“Cultivate curiosity and capabilities in Akonga (learners) to enhance the world around us”
What is Agentic Learning and what does it look like at ASP?
Aristotle said, “Educating the mind without educating the heart is no education at all.” Students with agency and control over their learning and what they are learning, are more likely to learn deeply and demonstrate persistence. They are more likely to enjoy school and are overall happier. Students have the intrinsic motivation to engage in learning and have the ability to take ownership of their learning. In doing so learning outcomes improve dramatically. The children learn about things they are interested in, share their learning in ways they want it to be shared and enable the place of awe and wonder in young minds to exist.
What is Agentic Learning?
- self-directed actions aimed at personal growth
- development based on self-chosen goals.
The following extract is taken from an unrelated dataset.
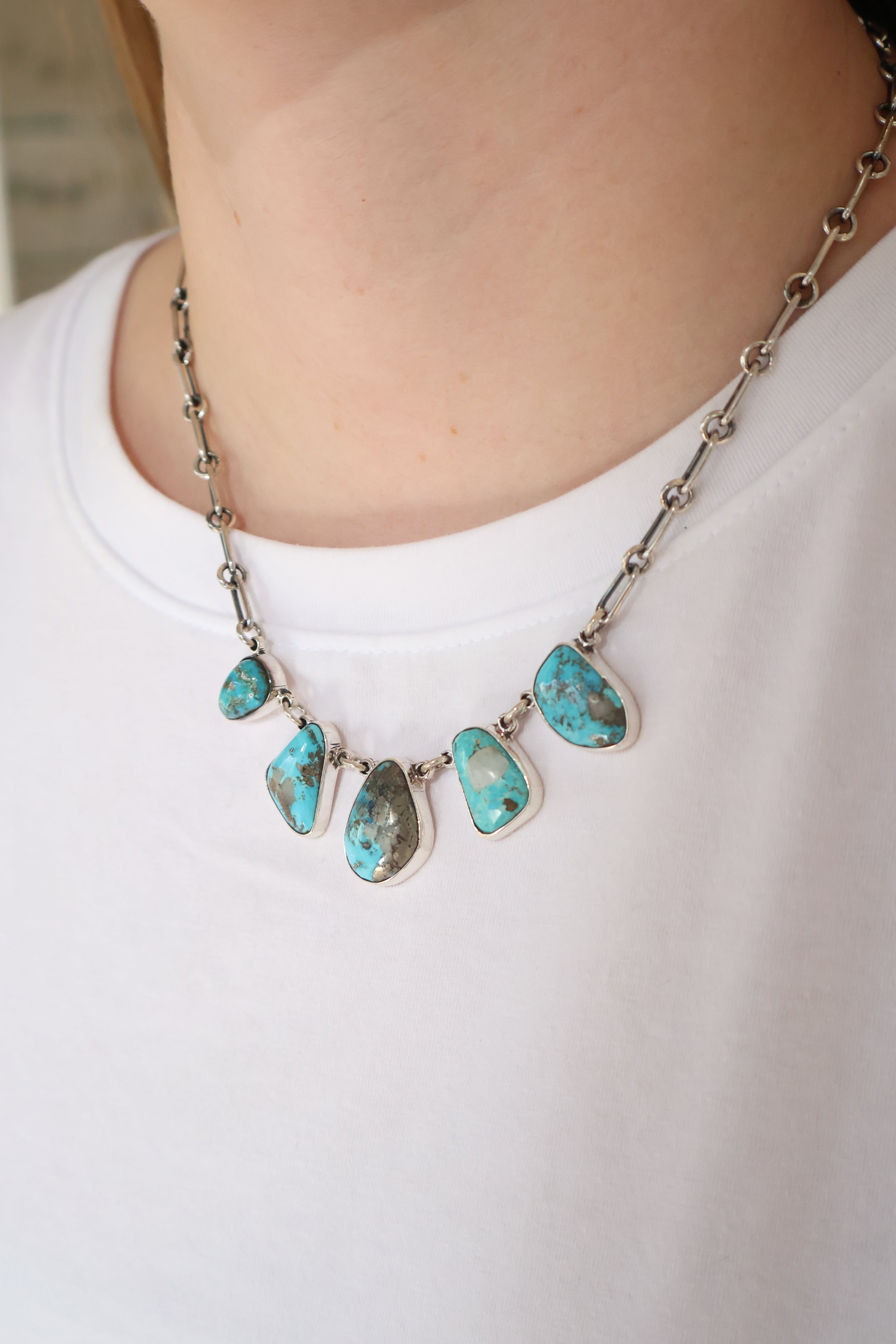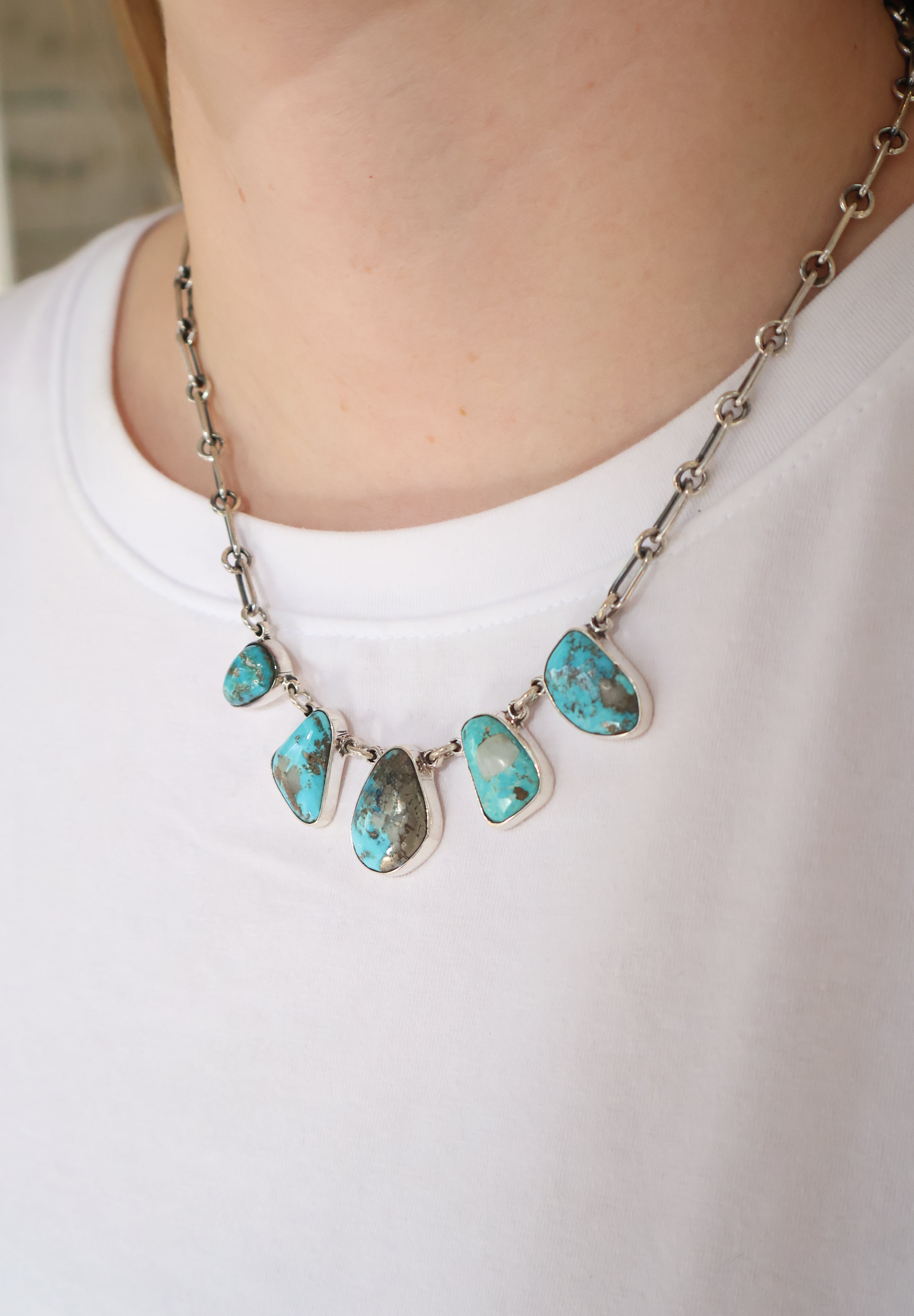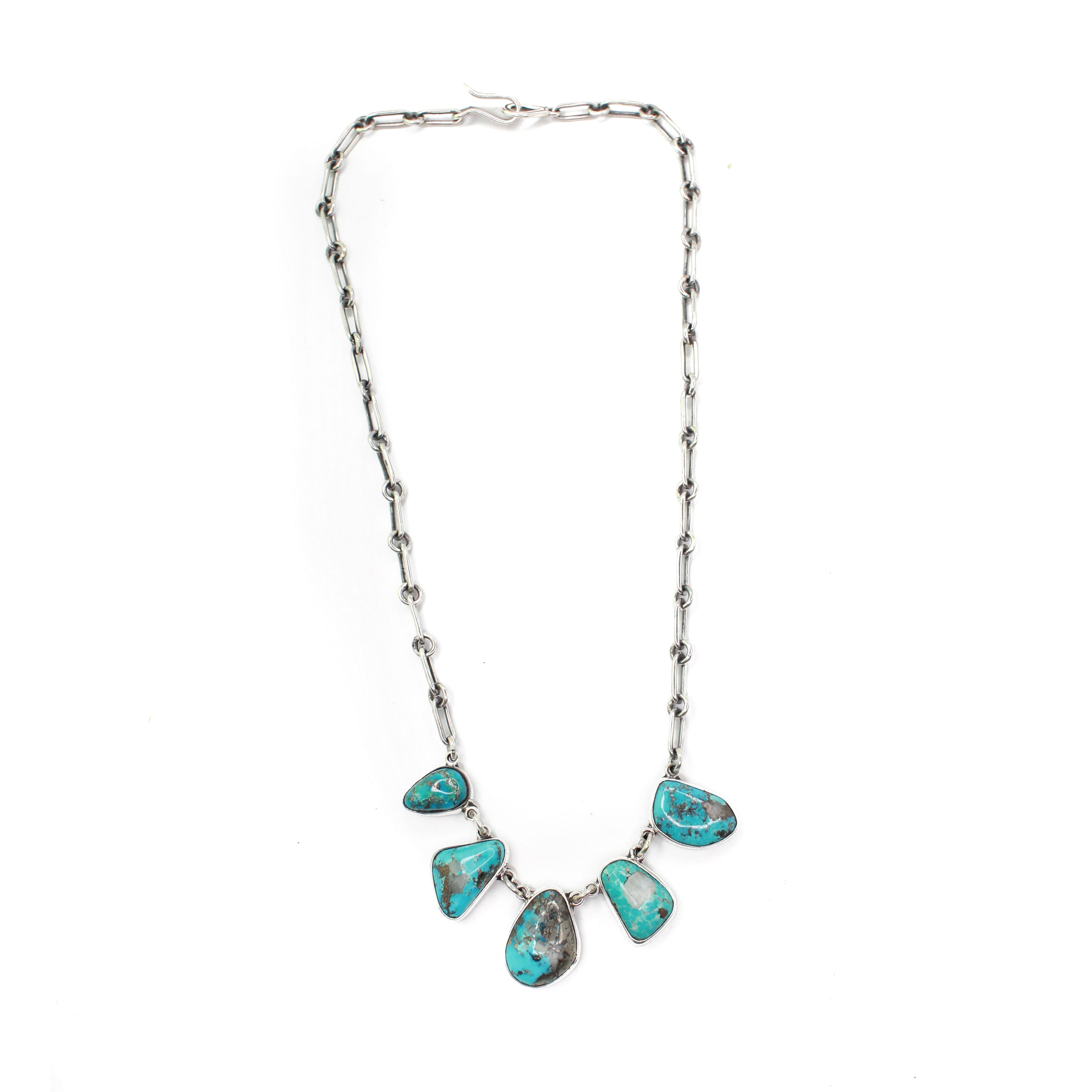 The Kingman Mine, located near Kingman, Arizona, is an active turquoise mine that has been in production since the 1880s, following its discovery by S.A. Colbaugh in the Aztec Mountains. The Colbaugh family continues to mine, process, sort, and distribute Kingman Turquoise. Most Kingman Turquoise is porous and requires processing for jewelry, with only about 3% of the stones being naturally hard enough for direct use. The mine is renowned for its blue matrix turquoise. Read More

- It is fostered through high-level engagement and intrinsic motivation
- Leads to deeper learning- wonder, asking questions, critical thinking
- Proactive, intentional, and constructive
- Enriching learning activities
Agentic learning enables children to develop;
- cognitive skills such as creativity, problem-solving, divergent thinking, mathematics and oral language.
- social relationships, emotional regulation and learning to control their own behaviour.
- fine and gross motor skills.
When Agentic Learning is fun and child-led, children are motivated to engage in opportunities to learn.
As a school, agentic learning (play-based and student-led) enables us to place value on the healthy development of all aspects of learning; physical, sensory, motor, social, emotional and cognitive. We are able to provide a rich and authentic place for learning, encompassing a broad curriculum. An agentic learning approach develops higher-order cognitive and socio-emotional skills. It develops a strong sense of self-efficacy and resilience. It develops risk-taking, problem-solving, and critical thinking, just to name a few. Conversations that occur during student-led learning, allow children to explore diverse ideas and experience a variety of perspectives, and develop an understanding of concepts presenting themselves. We want our learners to be innovative and creative thinkers, now and in the future.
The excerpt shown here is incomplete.